NGUYEN, Circuit Judge,
concurring:
I concur in the disposition. I write separately to question whether the California equitable abstention doctrine applies in federal court at all, although we need not reach that issue here.
Because “the federal courts’ obligation to adjudicate claims within their jurisdiction is virtually unflagging, abstention is permissible only in a few carefully defined situations with set requirements.” United States v. Morros, 268 F.3d 695, 703 (9th Cir. 2001) (quotation and citation marks omitted).
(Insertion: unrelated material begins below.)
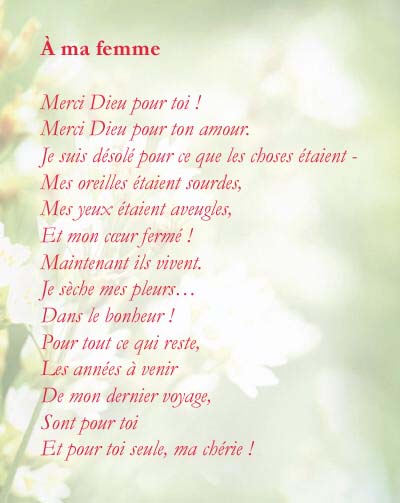 1998, j'ai écrit à ma femme, le poème suivant comme
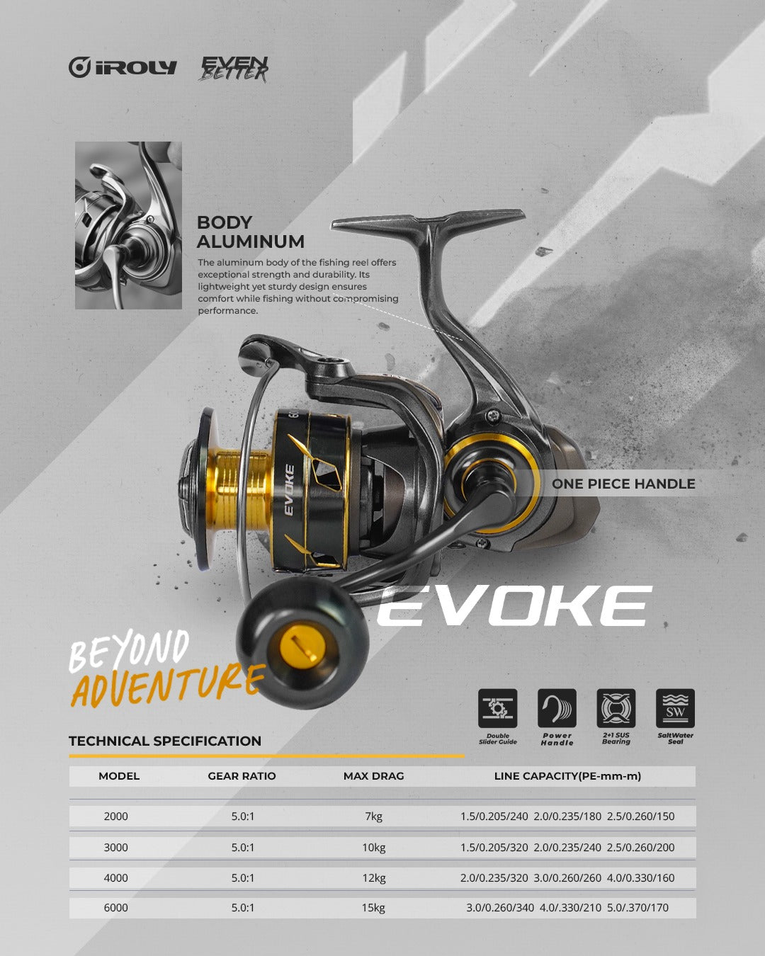 The Iroly Evoke is designed to meet the needs of anglers who demand a strong, long-lasting reel. Built with a sturdy aluminum body that naturally resists corrosion, the Evoke features a double slider guide, sealed ball bearings, and precision engineering to ensure long-term durability. Its one-piece power handle provides enhanced stability and a smooth retrieve, giving you greater control with every cast.

I am aware of no appellate authority — and Manor Care has identified none — holding that the California abstention doctrine qualifies as one such carefully defined situation.1
Applying the California abstention doctrine when federal abstention is unavailable potentially runs afoul of another doctrine — the Erie doctrine, which provides that federal courts sitting in diversity jurisdiction follow state substantive law, but not state procedural law, See Erie Railroad Co. v. Tompkins, 304 U.S. 64, 58 S.Ct. 817, 82 L.Ed. 1188 (1938). Where the requirements for federal abstention were not met, the Seventh Circuit has reversed on Erie grounds the dismissal of a claim under a state rule providing for discretionary dismissal. AXA Corp. Solutions v. Underwriters Reinsurance Corp., 347 F.3d 272, 277 (7th Cir. 2003). The state rule and the federal abstention doctrine at issue conflicted because they both addressed the problem of parallel litigation in multiple venues,, but the state rule applied “liberally,” whereas the federal abstention doctrine was “reserved for exceptional circumstances.” Id. at 277. The court held that application of the state rule in federal court would violate Erie because the state rule was akin to other rules involving venue and therefore was procedural rather than substantive. Id. at 278.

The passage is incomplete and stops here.